In Philosophy, there's the concept of Russell's Teapot: an example which acts on the example of "disproving the existence of a tea kettle floating around Saturn"
It's a reference to the fact that some things that are ridiculously unlikely but are also ridiculously hard to prove.
The thing is, though, that this doesn't mean they are impossible to prove.
However, there are two ways I'm aware of to disprove Russell's Teapot, and a third way that doesn't apply to the teapot itself, but some similar claims.
The first is the long way - to disprove at each possible instance. In the case of a tea kettle, take the space of a tea kettle, and simultaneously search a grid of the entire orbit around Saturn with a grid resolution of that size, and if there are no tea kettles, then it is disproven.
The second is the induced way... to find some claim about about the subject in question that doesn't match what is possible, and it requires some impossible aspect of the claim. In the case of the tea kettle, it would be specifically designating a tea-kettle as a human-made object, and going through all human space flights to show that none have put a kettle in orbit around Saturn. Although not as absolute, it's still pretty solid proof.
The third way is if the definition of the "teapot" itself is somehow fully accessible by definition. For example, if instead of a Teapot, Russell's proof said, "a magical lamp that instantly creates a copy of itself in the hands of anyone who dons cream colored pants and a hat." At which point you could disprove the existence of this particular lamp that floats around Saturn using any person that puts on cream colored pants and a hat and seeing that the kettle doesn't suddenly appear in their hands.
All cases of a "Russell's teapot" scenario require at least one full coverage in some aspect to prove or disprove...
- Full coverage of Saturn in the first example (Coverage of affected)
- Full coverage of teapots in space second example (Coverage of concept)
- The Definition including a disprovable full coverage in the third (Coverage of Definition)
Each case, however, will require having a very firm definition of the subject matter.
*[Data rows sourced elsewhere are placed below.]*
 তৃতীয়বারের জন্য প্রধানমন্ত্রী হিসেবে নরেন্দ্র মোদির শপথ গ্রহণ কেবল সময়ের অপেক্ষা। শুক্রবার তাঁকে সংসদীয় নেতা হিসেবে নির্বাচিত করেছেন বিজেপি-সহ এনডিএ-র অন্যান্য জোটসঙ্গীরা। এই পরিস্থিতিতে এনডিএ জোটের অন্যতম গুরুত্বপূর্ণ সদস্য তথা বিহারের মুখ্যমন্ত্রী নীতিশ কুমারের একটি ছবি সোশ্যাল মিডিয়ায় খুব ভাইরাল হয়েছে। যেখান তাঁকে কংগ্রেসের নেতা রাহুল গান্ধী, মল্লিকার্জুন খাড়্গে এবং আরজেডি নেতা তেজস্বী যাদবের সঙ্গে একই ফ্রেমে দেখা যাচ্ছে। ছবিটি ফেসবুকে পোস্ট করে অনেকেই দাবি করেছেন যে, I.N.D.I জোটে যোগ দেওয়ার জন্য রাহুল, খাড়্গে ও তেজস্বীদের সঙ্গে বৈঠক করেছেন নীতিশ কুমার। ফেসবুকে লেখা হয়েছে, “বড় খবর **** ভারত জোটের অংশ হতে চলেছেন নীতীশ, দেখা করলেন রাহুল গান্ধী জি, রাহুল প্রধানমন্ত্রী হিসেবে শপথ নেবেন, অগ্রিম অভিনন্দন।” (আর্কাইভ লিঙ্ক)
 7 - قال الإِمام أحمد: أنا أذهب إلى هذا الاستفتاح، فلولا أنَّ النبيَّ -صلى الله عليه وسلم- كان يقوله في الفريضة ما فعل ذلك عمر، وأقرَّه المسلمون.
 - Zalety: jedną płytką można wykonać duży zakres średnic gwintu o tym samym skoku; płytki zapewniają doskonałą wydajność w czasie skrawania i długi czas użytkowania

If you're trying to philosophically debate someone on the topic of the supernatural or paranormal, unless it's a purely academic philosophical debate (such as an online religion debate), they're likely going to be highly resistant to actually making a concrete definition and following it to its logical conclusions.
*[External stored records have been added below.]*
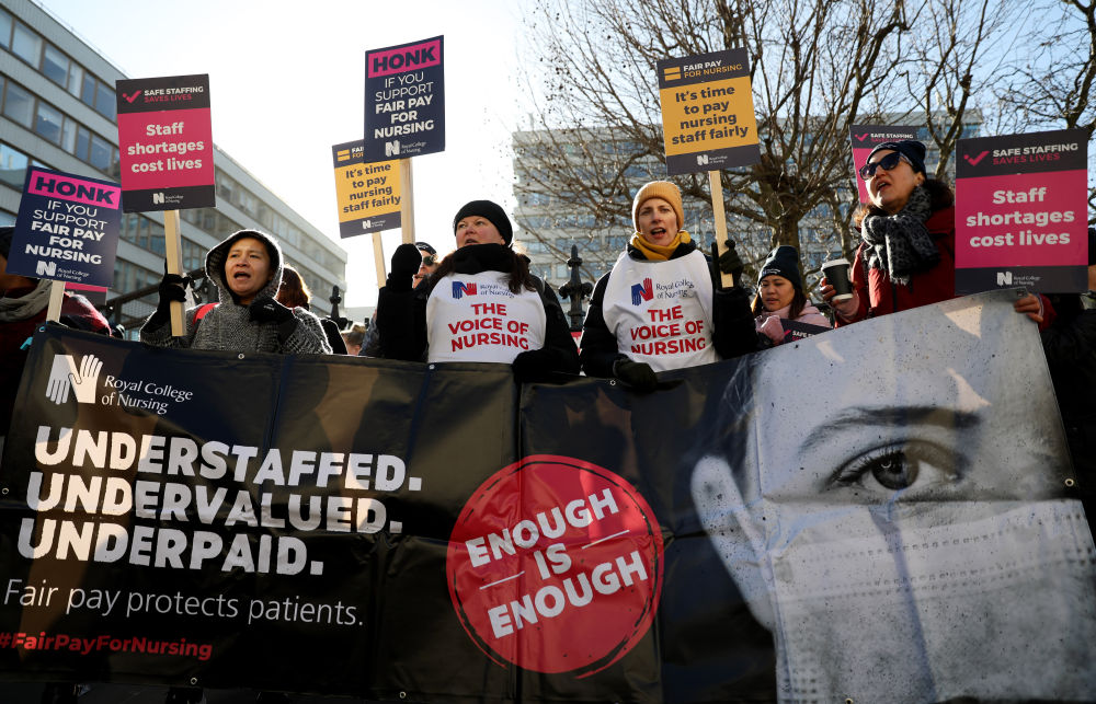 本轮罢工相对集中于公共部门,因为公共部门员工实际工资缩水更加明显。“已有越来越多的护士因为在目前经济环境下无法负担生活成本而选择离职,英国护士岗位空缺正在大幅增加。”参与罢工的护士玛丽·乔告诉新华社记者。
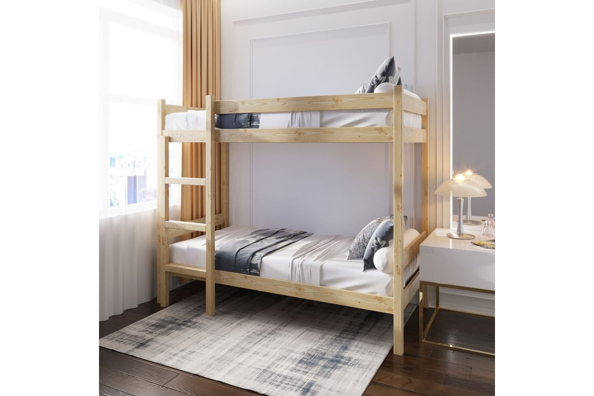 Двухъярусная кровать Solarius из массива сосны с ортопедическим основанием, 190x80 см (габариты 200x90), без покрытия dvuh80190-orto
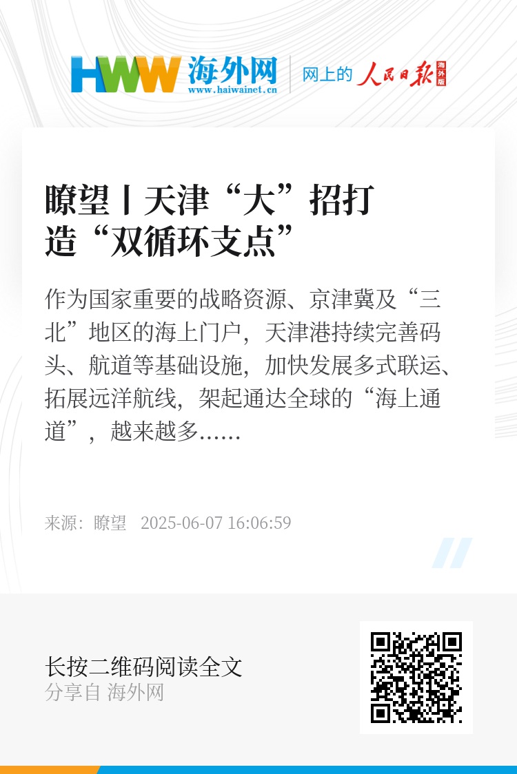从巴拿马“地中海萨玛”轮刷新天津港第二集装箱码头历史最高生产效率纪录,到更多国产汽车通过天津港驶向南美等新兴市场……作为京津冀及“三北”地区的海上门户,天津港持续完善码头、航道等基础设施,加快发展多式联运、拓展远洋航线,架起通达全球的“海上通道”,串起全球贸易版图。

However, for a philosophical debate, the above proofs should be sufficient, even if 1 & 2 are generally impractical for most debates.
In non-philosophical debates, sadly, the solid philosophical proof usually doesn't "prove to people" (in no small part because many people don't fully grasp logic), and frequently people just want to be right without going through the effort to become right.
The times I've had this particular debate in regards to the paranormal with someone, the best I got was "whatever the definition is in the dictionary"... this was an "easy" philosophical solution, as the dictionary I looked it called the supernatural 'outside of what is natural', and then I looked up natural and it was 'not man-made', thereby meaning all man-made things are supernatural by definition... this did not sit well with the person I was debating with.
However, not a philosophical proof against the supernatural, but a physics one making use of full coverage (proof method 2), is CERN's experiments with particle physics. If you consider the supernatural being active non-physical things that influence the physical world, CERN has tracked every particle capable of interacting with fermions (basically, what we're made of), so we are fully aware of all physical interactions with humans - something a soul or ghost would have to do... aannnndd... none of them were potential methods for human interactions by ghosts/souls/etc.
Another argument is that, if you consider humans natural, as "in nature or deriving from nature" is another definition of natural, then anything that exists is, by definition, natural. Therefore, by definition, the supernatural simply doesn't exist, as supernatural becomes a synonym for imaginary or non-existing.